From the above, it can be seen that both residual network and SE block are composed of these basic elements. In this section, this paper presents in detail the improvement process of soft thresholding multi-channel SE Residual Network structure (ST-SE-ResNet). As shown in Fig. 2, this study first introduces the residual network, then describes the SE block, next describes the ST-SE, and finally introduces ST-SE-ResNet block.

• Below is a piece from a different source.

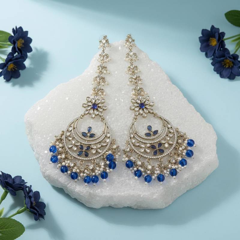 Chain Length: 8.50 Cm | Earring Length: 10.50 Cm X Width: 5.50 Cm | Metal: Alloy With Good Quality Mehendi Gold Plated | Color: Blue | Stone: Kundan & Imitation Pearl | Gross Weight: 80.00 Grams | Package Content: 1 Pair Of Earrings | Back Finding: Post With Friction Back X Earring Style: Dangle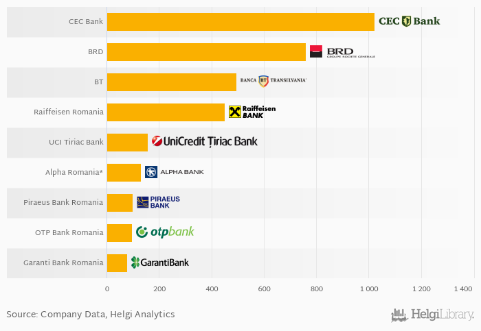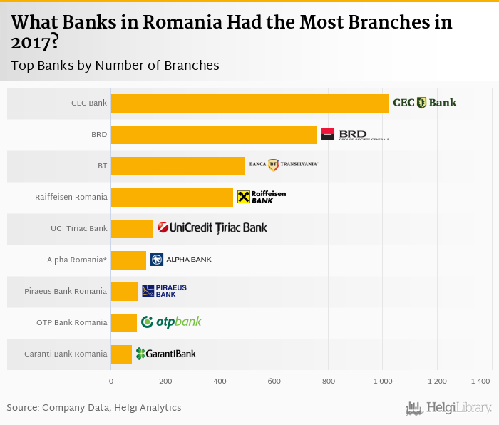 Comparing CEC Bank with its closest peers, BRD Groupe Societe Generale operated a network of 760 branches in 2017, Banca Transilvania had 496 branches and Raiffeisen Bank Romania had a network of 451 branches in 2017.

3.1 Residual building blocks

ReseNet is a classical network model with “identity shortcut layer”, which has been widely concerned by scientific researchers [23]. As shown in Fig. 2a, the basic residual block (RBBs) consists of two BNs, two ReLUs, two Conv-layers and an identity shortcut layer. The key operation is identity shortcut that effectively back-propagates the gradient of loss function to earlier layers, which makes ResNet superior to the traditional deep learning methods. The residual block is described as:

$$ F\left( {X_{re\sin } } \right) = H\left( {X_{re\sin } } \right) - X_{re\sin } $$
(8)

where \(X_{re\sin }\) denotes the input feature map, \(H\left( {X_{re\sin } } \right)\) denotes the desired feature maps and \(F\left( {X_{re\sin } } \right)\) denotes the output feature maps of one residual module.

3.2 Squeeze-and-excitation block

As mentioned in [18,19,20], a multi-channel SE block was implemented to improve the representation of feature. The function of SE block is to learn feature information from different channels that can enhance the representation ability by a single basic block. As shown in Fig. 2b, for each input channel, a weight can be trained by a basic SE block. Here we assume \(X = \left\{ {x_{1} ,x_{2} , \cdot \cdot \cdot x_{n} } \right\}\) is the input feature map of SE block and \(Z_{c} { = }\left\{ {z_{1} ,z_{2} , \cdot \cdot \cdot z_{n} } \right\}\) is the corresponding output feature map, the Squeeze operation is described as:

$$ z_{c} = F_{sq} \left( {x_{c} } \right) = \frac{1}{W \times H}\sum\limits_{i = 1}^{W} {\sum\limits_{j = 1}^{H} {x_{c} \left( {i,j} \right),c = 1,2, \cdot \cdot \cdot ,n} } $$
(9)

where W and H denote the width and height of input feature maps of SE block, \(z_{c}\) denote the output of current layer. n denote the channel in SE block.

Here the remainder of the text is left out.